La Suisse interdit depuis 1995 l’incitation publique à la haine et à la discrimination raciales. L’article 261bis CP dit explicitement que la liberté d’expression touche dans ces cas-là à ses limites.
L’art. 261bis CP, qui punit « la discrimination ainsi que l’incitation à la haine », a été accepté en 1994 à une majorité de 54,6 pour cent des voix. En inscrivant cette infraction pénale dans son Code pénal, la Suisse se donnait les moyens d’adhérer à la Convention internationale sur l’élimination de toutes les formes de discrimination raciale. Contre cette nouvelle loi a été pris le référendum. En 2020, celle-ci a été élargie, elle aussi par voie référendaire, à l’ « orientation sexuelle ».
Une protection anti-discrimination portant sur la race, l’ethnie, la religion et l’orientation sexuelle
La norme pénale contre le racisme protège toute personne discriminée, menacée ou abaissée d’une façon portant atteinte à la dignité humaine en raison de sa couleur, de son appartenance ethnique ou de sa religion. L’article 261bis CP interdit toute manifestation spécifique et particulièrement grave de ce type d’exclusion ayant lieu dans l’espace public. Sont visés, l’incitation à la haine et à la discrimination, les actes consistant à dénigrer et rabaisser de façon systématique, le fait d’organiser des actions de propagande, de rabaisser ou discriminer des personnes par la parole, l’écriture, l’image, le geste et des voies de fait ou de toute autre manière, soit encore de refuser à une personne une prestation destinée à l’usage public. Sont également punissables, le fait de nier ou minimiser le génocide ainsi que les crimes graves contre l’humanité.
Les violations de la norme pénale contre le racisme sont poursuivies d’office
Les violations de la norme pénale contre le racisme sont poursuivies d’office, sans que l’on ait à porter plaine. En ce qu’il ouvre la voie à la connaissance des faits et permet aux autorités d’agir, un dépôt de plainte est toutefois incontournable dans la pratique. Seules les infractions commises dans l’espace public sont punissables. De ce fait restent impunis les actes et propos discriminatoires ayant par exemple pour cadre le cercle familial ou celui des amis. La Commission fédérale contre le racisme tient un registre des violations de l’art. 261bis.

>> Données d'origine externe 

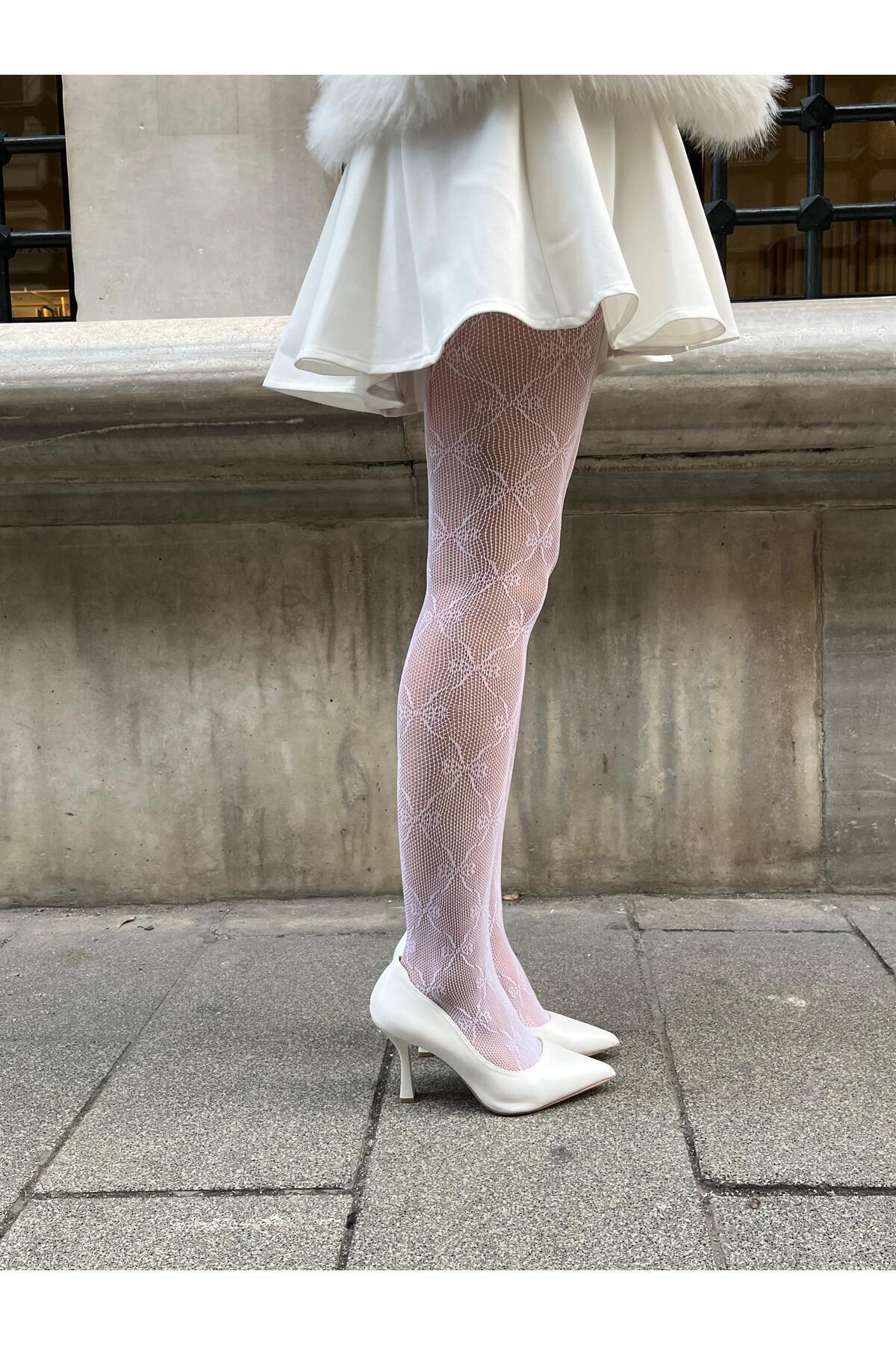 Kadın Beyaz İthal Desenli Külotlu Çorap Kurdale Desenli Kadın Beyaz İthal Desenli Külotlu Çorap Kurdale Desenli Cans121332487 L/XL
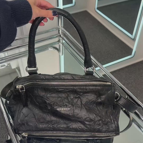 - Wrinkled black sheepskin, silver-hardware, detachable shoulder strap, dual rolled top handles, single exterior pocket, single top zipper, canvas lining, single interior zip pocket, dual open pockets
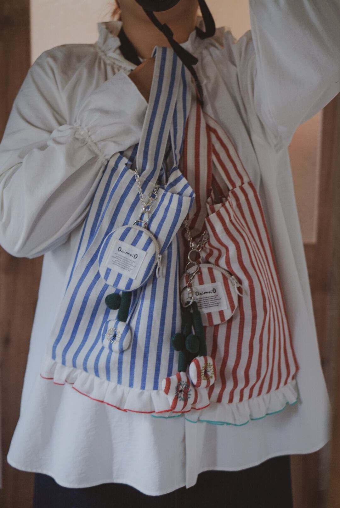いつものストライプおでかけセット|マルシェバッグ&巾着ポーチ

Selon celui-ci, le nombre des infractions signalées de 1995 à 2019 aux autorités compétentes est de 935, dont 62 pour cent qui ont été sanctionnées par une condamnation et 38 pour cent conclues par un acquittement, une ordonnance de non-lieu ou une décision de non-entrée en matière. Un quart des victimes étaient des juives ou des juifs.
La norme pénale contre le racisme a fait ses preuves
Bien qu’il ait été adopté à une nette majorité en 1994 et qu’il ait fait ses preuves sur le terrain, l’article 261bis CP a fait l’objet de plusieurs tentatives politiques visant à l’abolir ou à en restreindre la portée. Par exemple l’initiative populaire du parti des Démocrates Suisses exigeant qu’il soit supprimé, mais qui échoua dès le stade de la collecte des signatures, sans compter d’autres tentatives soit abandonnées, soit rejetées. Accepté début 2020 dans les urnes, l’élargissement à l’ « orientation sexuelle » montre que la norme pénale contre le racisme continue de tenir une place importante dans la lutte contre la discrimination et l’exclusion.

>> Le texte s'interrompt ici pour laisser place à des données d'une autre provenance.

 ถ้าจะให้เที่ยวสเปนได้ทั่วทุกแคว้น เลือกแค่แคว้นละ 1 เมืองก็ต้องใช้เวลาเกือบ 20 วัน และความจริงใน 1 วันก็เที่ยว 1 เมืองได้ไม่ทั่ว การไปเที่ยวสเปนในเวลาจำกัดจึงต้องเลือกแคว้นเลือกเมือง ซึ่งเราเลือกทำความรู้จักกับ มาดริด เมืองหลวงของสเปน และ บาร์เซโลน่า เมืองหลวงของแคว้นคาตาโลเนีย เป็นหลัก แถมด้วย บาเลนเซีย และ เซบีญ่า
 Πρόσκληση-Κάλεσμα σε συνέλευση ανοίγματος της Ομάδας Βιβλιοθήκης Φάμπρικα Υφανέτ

Discrimination et incitation à la haine — Art. 261bis CP
L’article 261bis CP en toutes lettres.
Quiconque, publiquement, incite à la haine ou à la discrimination envers une personne ou un groupe de personnes en raison de leur appartenance raciale, ethnique ou religieuse ou de leur orientation sexuelle,
quiconque, publiquement, propage une idéologie visant à rabaisser ou à dénigrer de façon systématique cette personne ou ce groupe de personnes,
quiconque, dans le même dessein, organise ou encourage des actions de propagande ou y prend part,
quiconque publiquement, par la parole, l’écriture, l’image, le geste, par des voies de fait ou de toute autre manière, abaisse ou discrimine d’une façon qui porte atteinte à la dignité humaine une personne ou un groupe de personnes en raison de leur appartenance raciale, ethnique ou religieuse ou de leur orientation sexuelle ou qui, pour la même raison, nie, minimise grossièrement ou cherche à justifier un génocide ou d’autres crimes contre l’humanité,
quiconque refuse à une personne ou à un groupe de personnes, en raison de leur appartenance raciale, ethnique ou religieuse ou de leur orientation sexuelle, une prestation destinée à l’usage public,
est puni d’une peine privative de liberté de trois ans au plus ou d’une peine pécuniaire.